ただジッと、こちらが部屋に入るのを待っているようだ。
ミカエル、サーシャが視線を走らせるが、玉座の間に彼ら以外の姿はなく、レッドドラゴンが隠れているスペースも無かった。
「……どうやら部屋に入るしかなさそうですね。行きましょう、サーシャ殿」
「はい、ミカエル様」
2人が部屋に入ると、扉が閉まる。
当然、予想していたため2人は動揺せず、前に進む。
一定距離に近付くと、玉座に座る少年から声を掛けてきた。
「久しぶりだね、サーシャ」
「? 確かにこうして顔を合わせるのは『巨塔』調査当日以来だけど、そんな気安く声をかけられる仲じゃないでしょ。むしろヒューマン(劣等種)ごときが、気安く声をかけないでちょうだい。気持ち悪い!」
サーシャが一息で吐き捨てる。
玉座の手前に立つ美少女2人が、『イラっ』とした表情を作るが、あまりに顔立ちが整っているため苛立つ表情すら美しく、愛らしかった。
サーシャの前に立っているため、ミカエルの表情は婚約者に盗み見られることはなかった。そのため、彼が2人の少女に見惚れる姿は婚約者であるサーシャに見られることはなかった。
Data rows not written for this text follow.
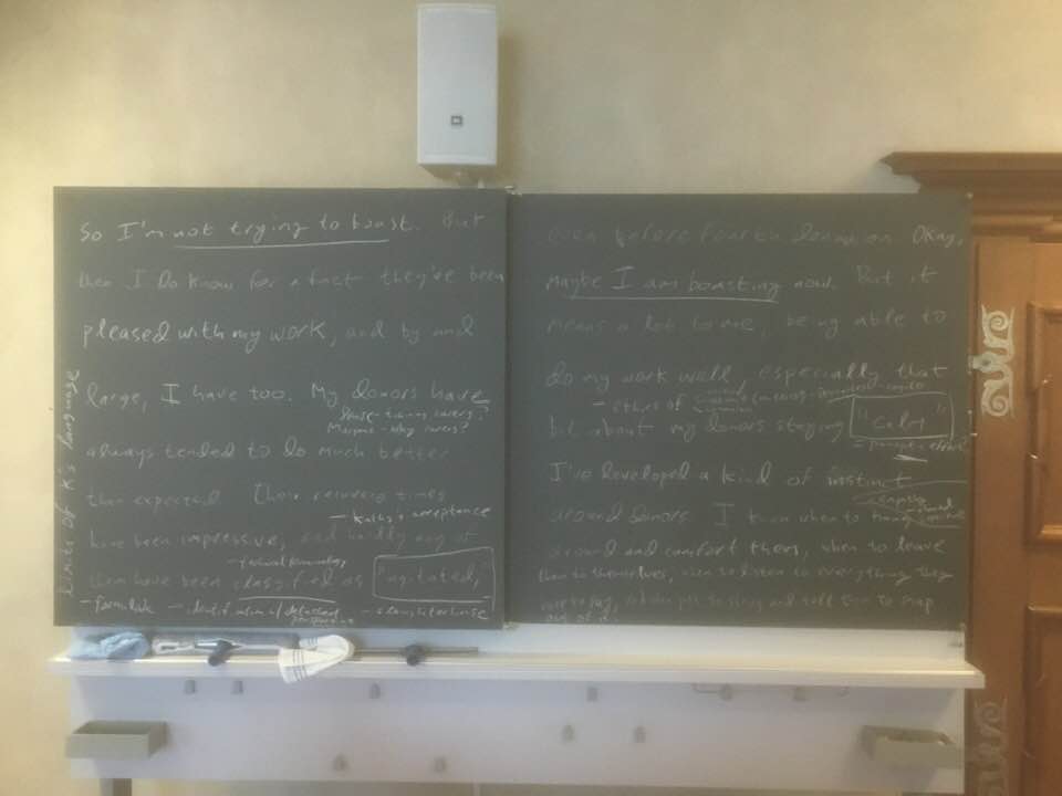 The blackboards from my class's discussion on 29 April of a passage from Kazuo Ishiguro's Never Let Me Go. This passage, to be precise, which is the first paragraph of the novel: My name is Kathy H. I'm thirty-one years old, and I've been a carer now for over eleven years. That sounds long enough, I know, but actually they want me to go on for another eight months, until the end of this year. That'll make it almost exactly twelve years. Now I know my being a carer so long isn't necessarily because they think I'm fantastic at what I do. There are some really good carers who've been told to stop after just two or three years. And I can think of one carer at least who went on for all of fourteen years despite being a complete waste of space. So I'm not trying to boast. But then I do know for a fact they've been pleased with my work, and by and large, I have too. My donors have always tended to do much better than expected. Their recovery times have been impressive, and hardly any of them have been classified as "agitated," even before fourth donation. Okay, maybe I am boasting now. But it means a lot to me, being able to do my work well, especially that bit about my donors staying "calm." I've developed a kind of instinct around donors. I know when to hang around and comfort them, when to leave them to themselves; when to listen to everything they have to say, and when just to shrug and tell them to snap out of it.<!-- /* Font Definitions */ @font-face {font-family:"MS 明朝"; mso-font-charset:78; mso-generic-font-family:auto; mso-font-pitch:variable; mso-font-signature:-536870145 1791491579 18 0 131231 0;} @font-face {font-family:"MS 明朝"; mso-font-charset:78; mso-generic-font-family:auto; mso-font-pitch:variable; mso-font-signature:-536870145 1791491579 18 0 131231 0;} @font-face {font-family:Baskerville; panose-1:2 2 5 2 7 4 1 2 3 3; mso-font-charset:0; mso-generic-font-family:auto; mso-font-pitch:variable; mso-font-signature:-2147483545 33554432 0 0 415 0;} /* Style Definitions */ p.MsoNormal, li.MsoNormal, div.MsoNormal {mso-style-unhide:no; mso-style-qformat:yes; mso-style-parent:""; margin:0cm; margin-bottom:.0001pt; text-align:justify; text-justify:inter-ideograph; mso-pagination:widow-orphan; font-size:12.0pt; font-family:Baskerville; mso-fareast-font-family:"MS 明朝"; mso-fareast-theme-font:minor-fareast; mso-bidi-font-family:"Times New Roman"; mso-bidi-theme-font:minor-bidi;} .MsoChpDefault {mso-style-type:export-only; mso-default-props:yes; font-family:Cambria; mso-ascii-font-family:Cambria; mso-ascii-theme-font:minor-latin; mso-fareast-font-family:"MS 明朝"; mso-fareast-theme-font:minor-fareast; mso-hansi-font-family:Cambria; mso-hansi-theme-font:minor-latin; mso-bidi-font-family:"Times New Roman"; mso-bidi-theme-font:minor-bidi;} @page WordSection1 {size:612.0pt 792.0pt; margin:72.0pt 90.0pt 72.0pt 90.0pt; mso-header-margin:36.0pt; mso-footer-margin:36.0pt; mso-paper-source:0;} div.WordSection1 {page:WordSection1;}
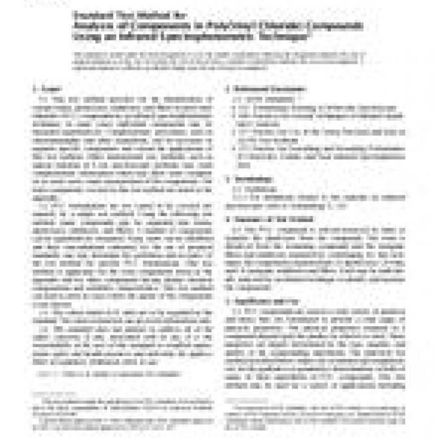 1.1 This test method provides for the identification of certain resins, plasticizers, stabilizers, and fillers in poly(vinyl chloride) (PVC) compounds by an infrared spectrophotometric technique. In many cases, individual components may be measured quantitatively. Complementary procedures, such as chromatographic and other separations, will be necessary to separate specific components and extend the applications of this test method. Other instrumental test methods, such as optical emission or X-ray spectroscopic methods, may yield complementary information which may allow more complete or, in some cases, easier measurement of the components. The resin components covered in this test method are listed in the appendix.
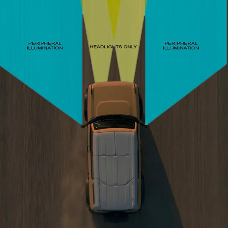 This innovative new product from ORACLE Lighting features a set of high powered LED light bars integrated into factory-style side mirrors of the new Ford Bronco! This integration allows for easy installation and a sophisticated, almost appearance while providing functional peripheral illumination for the driver. The LEDs are custom design that features a total of 24 LEDs producing approximately 2250 Lm. Each unit has a 45? beam angle to optimize the driver's peripheral visibility. Why is peripheral illumination important? Factory headlights and most auxiliary lights only illuminate the area in front of the vehicle. Ideally for off-road activities, such as trail riding, the driver needs to be able to clearly see the area on the sides of the trail to spot obstructions, which would otherwise go unnoticed and could be a potential hazard. The Bronco trim levels have different features implemented into the side mirrors from the factory such as cameras, puddle lights, and indicators. To make these mirrors compatible with all trim levels blank plates were designed to replace these features on the ORACLE mirrors. If your Bronco is equipped with these features simple remove the blank and swap over the component. If you do not have these features just leave the blanks in place for a seamless appearance. The housing material is made from rugged Polycarbonate which is 2x stronger than the factory ABS housing- and bolts onto the vehicle using the factory mounts for easy installation. A set of anodized rock guards protects the LED acrylic lenses, which also houses the DBM Reflex LED optics. These efficient optics focus the light for optimal visibility from the driver seat position.
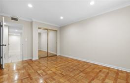 The open living area features classic parquet floors, a marble fireplace, and crown molding. Cook and entertain in the updated kitchen with granite countertops and stainless steel appliances, then unwind on your private balcony surrounded by morning light and evening skyline views.
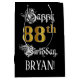 Dieses extravagante und luxuriöse Geschenktütendesign mit Geburtstagsgeschenk enthält die Meldung "Happy 88 th Birthday" und einen bearbeitbaren Empfängernamen. Ein Teil der Nachricht ist in einem ausgefeilten Skripttext enthalten, die große Zahl "88." weist ein Imitat/Imitation in Gold inspiriert Erscheinungsbild auf, und der Hintergrund ist schwarz. Eine Geschenktasche wie diese kann verwendet werden, wenn Sie ein Geschenk oder Geschenk zu Ehren von jemandem achtundachtzig Geburtstag. [~Z0000560]
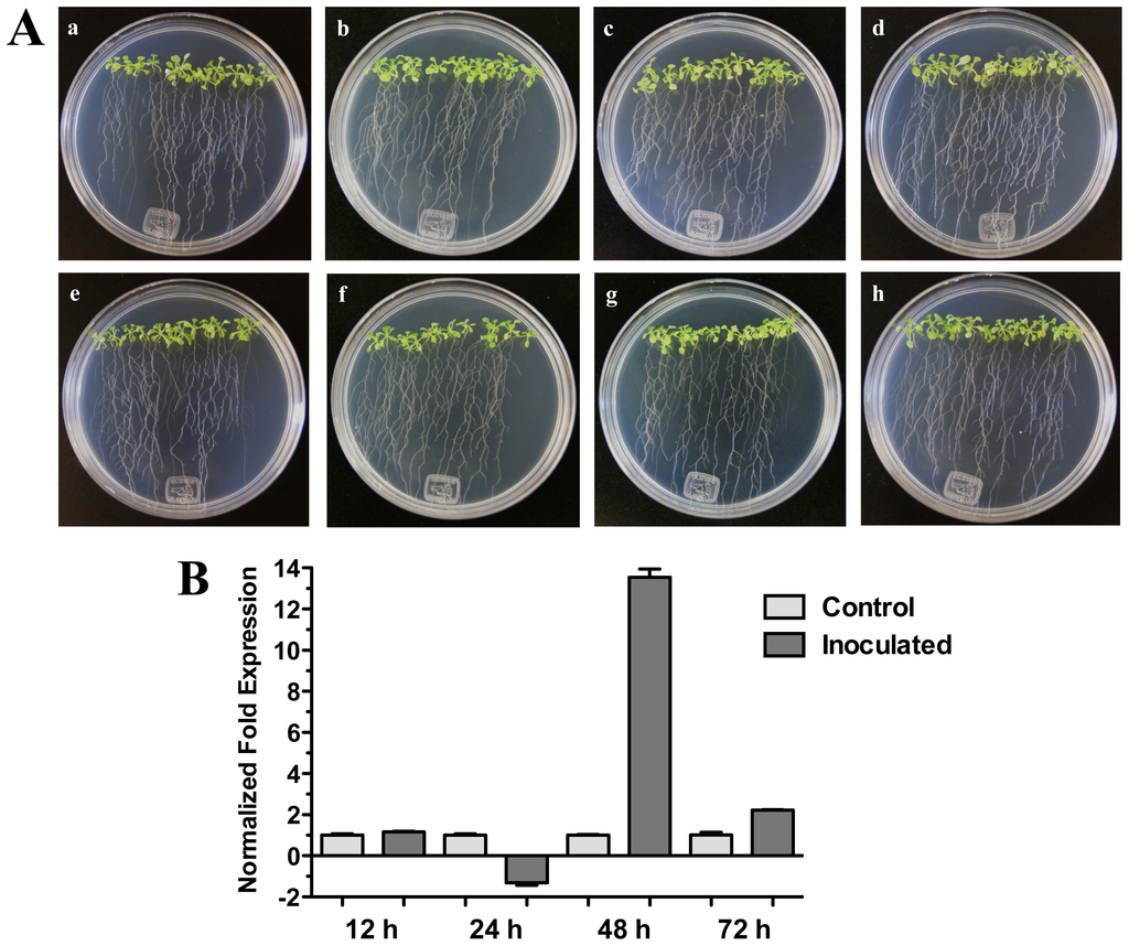 The effect of plant growth-promoting rhizobacterium (PGPR) Pseudomonas fluorescens on Arabidopsis (Col-0) 20-day-old seedlings was assessed (Figure 5A). We tested the expression of the Arabidopsis HR4 gene in interaction with P. fluorescens roots inoculated at 72, 96 and 120 hpi. As shown in Figure 5B, a gradual increase of the HR4 mRNA level with the progress of the interaction was observed, beginning with a repression at 72 h (−1.46), followed by inductions of 1.49 and 2.88-fold at the later stages of interaction.
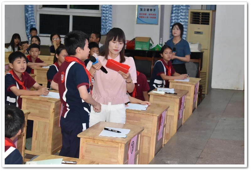 在五年级彭升银老师和梁姿两位老师对比赛规则介绍后,五年级数学擂台赛正式拉开序幕。
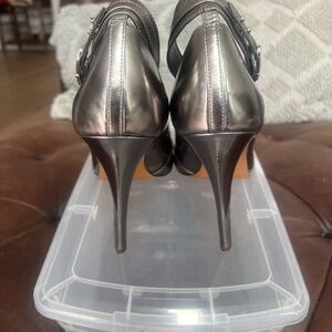 Coach Ankle Strap Metallic Silver Stiletto Heels 8.5
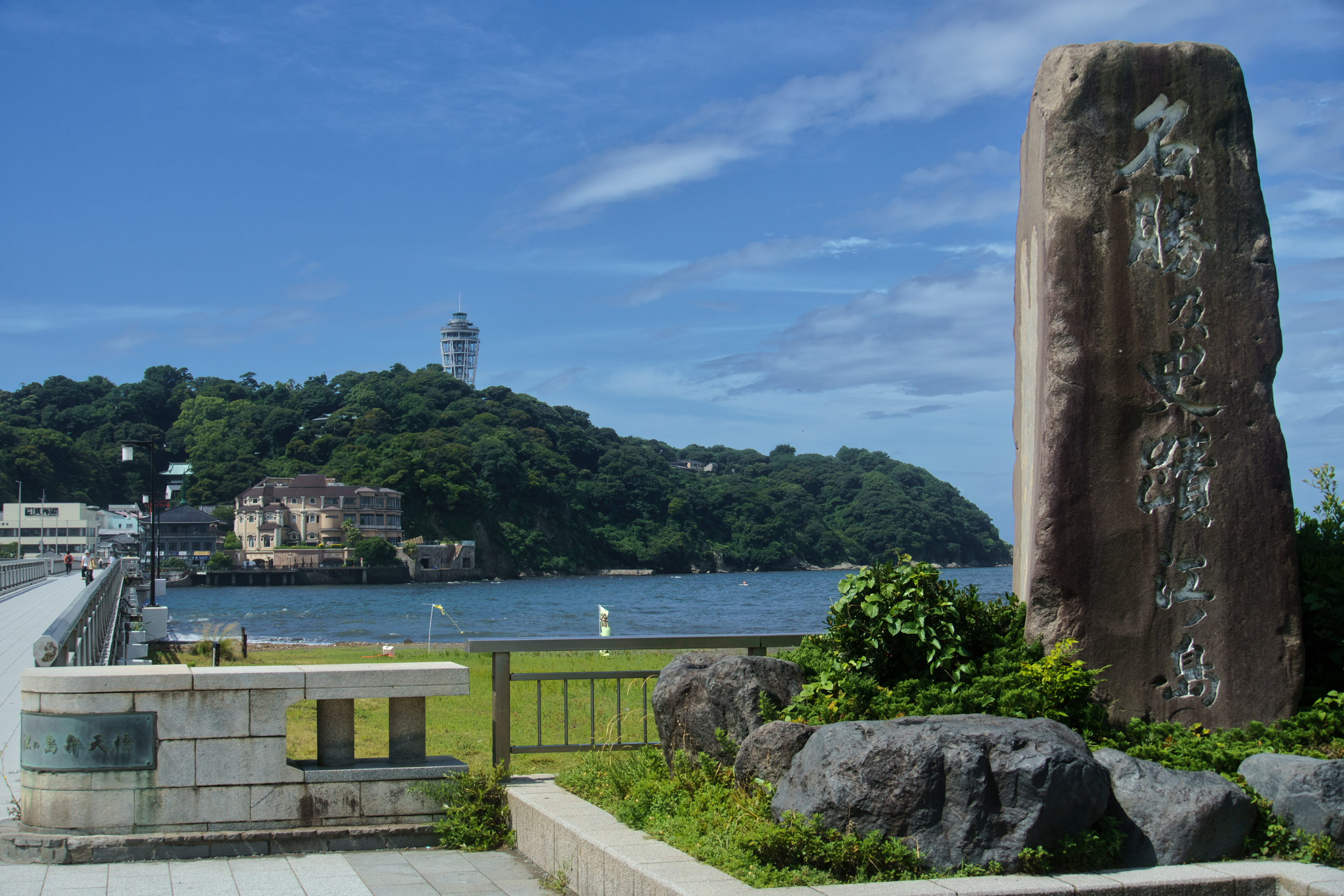 在江之岛前,一座巨大的石碑静默矗立,面前是波光粼粼的海面,远方的小岛上灯塔若隐若现,一派宁静的夏日海滨风光

仮面の少年は可笑しそうに――サーシャの背筋が冷たくなる声音で笑い出す。
「はははは、酷いな。昔は一緒にパーティーを組んで仲良くダンジョンにも潜ったこともあるのに」
「はぁ? 他のエルフ種と勘違いしているんじゃないの。あたしがどうしてヒューマン(劣等種)と仲良くダンジョンに潜らないといけない……」
最初、サーシャは出鱈目と思われる発言に苛立ち、声を荒げるが台詞を吐き出している途中で気付く。
確かに自分は一時、人種(ヒューマン)と一緒にダンジョンに潜った経験がある。その事実に気付き、後半の言葉はだんだんと尻すぼみになっていった。
だが目の前に座る少年の顔は確認済みだ。
彼ではない。
しかし『巨塔で待つ』という紙によってサーシャ自身は何度も命の危機に遭いつつ、なんとか指示通り『巨塔』奥地まで辿り着いたのだ。
紙が指示通りなら、その場に居るのは1人の人種(ヒューマン)しかありえない。
玉座に座る人種(ヒューマン)が、仮面に手をかける。
サーシャはその下に酷い火傷が、自分が最も嫌う醜いモノがあるということを自分の目で見たことがありがらも、絶対に目が離せなかった。
この時、側に居る婚約者、自分の栄光の未来そのものとも言えるミカエルの存在すら忘れて、食い入るように見入ってしまう。
少年が完全に仮面を取る。
サーシャは無意識に醜い声をあげていた。
「あっ、あああああ゛あ゛!!」
「もう一度言おう。久しぶりだね、サーシャ」
ライトは笑う。
獰猛に笑う。
飛びかかる直前の獰猛な猛獣の如く心底楽しげに笑う。